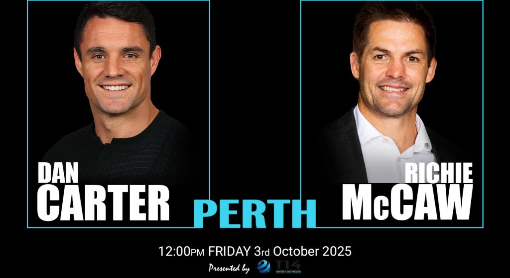 All Black SUPERSTARS Richie McCaw and Dan Carter LIVE on stage for a Lunch Event at Optus Stadium Perth. The day before Game 2 of The 2025 Bledisloe Cup.
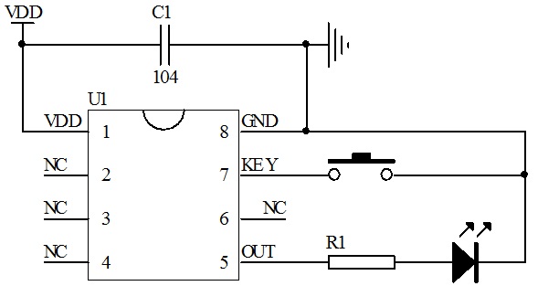 供電方式:dc3.0v。一路按鍵輸入控制,一路led輸出。
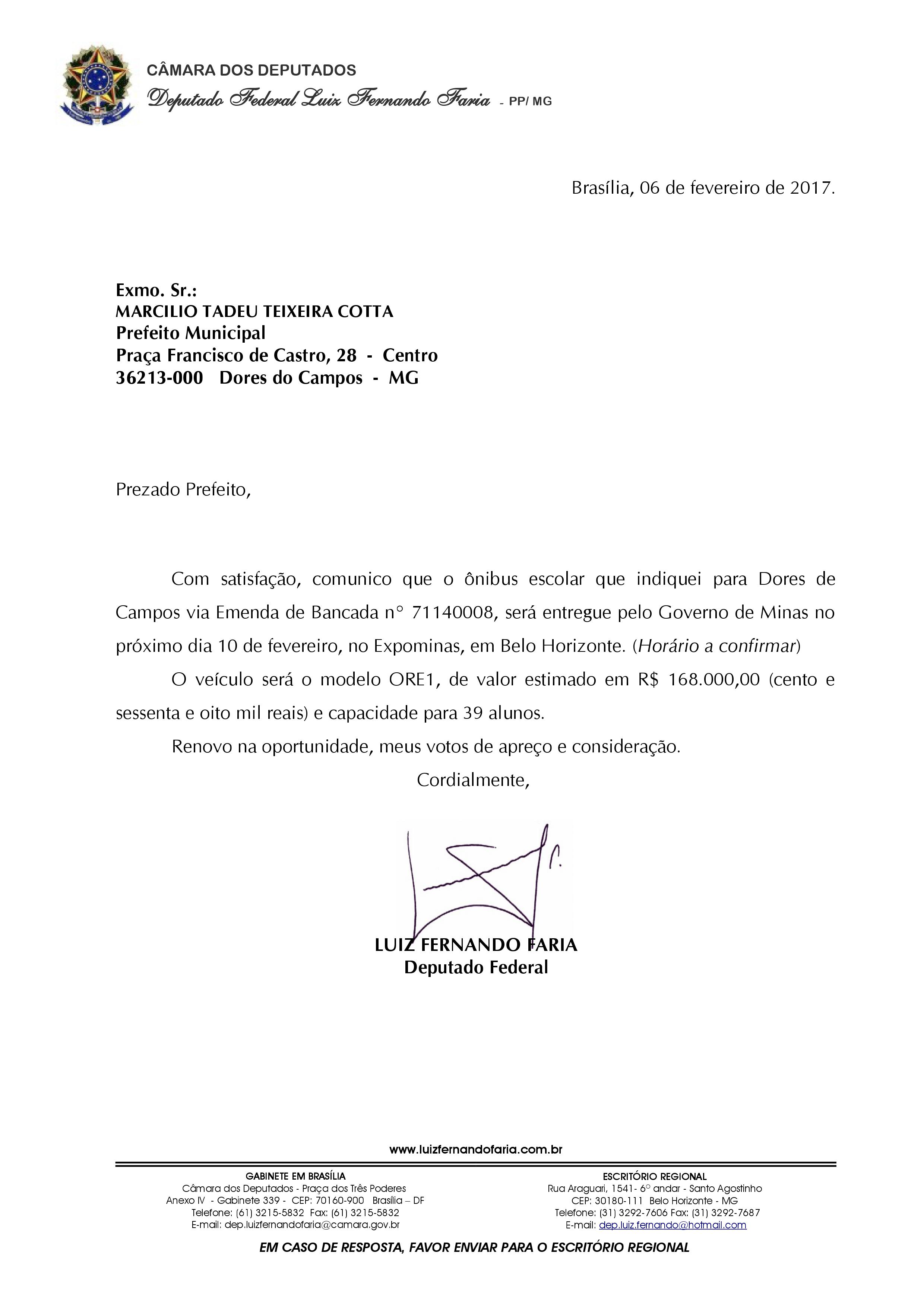 No final da manhã desta sexta-feira (10/02), o prefeito Marcílio Cotta (PMDB) recebeu das mãos do governador Fernando Pimentel (PT) a primeira grande conquista da sua administração: As chaves de um ônibus escolar zero Km para 39 alunos no valor de R$ 168 mil, através de emenda do deputado federal Luiz Fernando (PP). A cerimônia foi realizada na Cidade Administrativa, em Belo Horizonte, sede do Governo de Minas Gerais, e também contou com a presença do vice-prefeito Aguinaldo do Lado (PMDB), e da secretária estadual de educação, Macaé Evaristo. “É só o começo. Tenho apenas 40 dias de governo e as conquistas já estão chegando. A população dorense pode ter a certeza que estou trabalhando com muita responsabilidade e em breve apresentarei mais novidades”, afirmou o prefeito.

● ● ●

** WHAT YOU NEED TO DO **
All of the material above should be reproduced exactly, except the pictures.

** RESULT FOR THIS EXERCISE **
 All Black SUPERSTARS Richie McCaw and Dan Carter LIVE on stage for a Lunch Event at Optus Stadium Perth. The day before Game 2 of The 2025 Bledisloe Cup.
 供電方式:dc3.0v。一路按鍵輸入控制,一路led輸出。
 No final da manhã desta sexta-feira (10/02), o prefeito Marcílio Cotta (PMDB) recebeu das mãos do governador Fernando Pimentel (PT) a primeira grande conquista da sua administração: As chaves de um ônibus escolar zero Km para 39 alunos no valor de R$ 168 mil, através de emenda do deputado federal Luiz Fernando (PP). A cerimônia foi realizada na Cidade Administrativa, em Belo Horizonte, sede do Governo de Minas Gerais, e também contou com a presença do vice-prefeito Aguinaldo do Lado (PMDB), e da secretária estadual de educação, Macaé Evaristo. “É só o começo. Tenho apenas 40 dias de governo e as conquistas já estão chegando. A população dorense pode ter a certeza que estou trabalhando com muita responsabilidade e em breve apresentarei mais novidades”, afirmou o prefeito.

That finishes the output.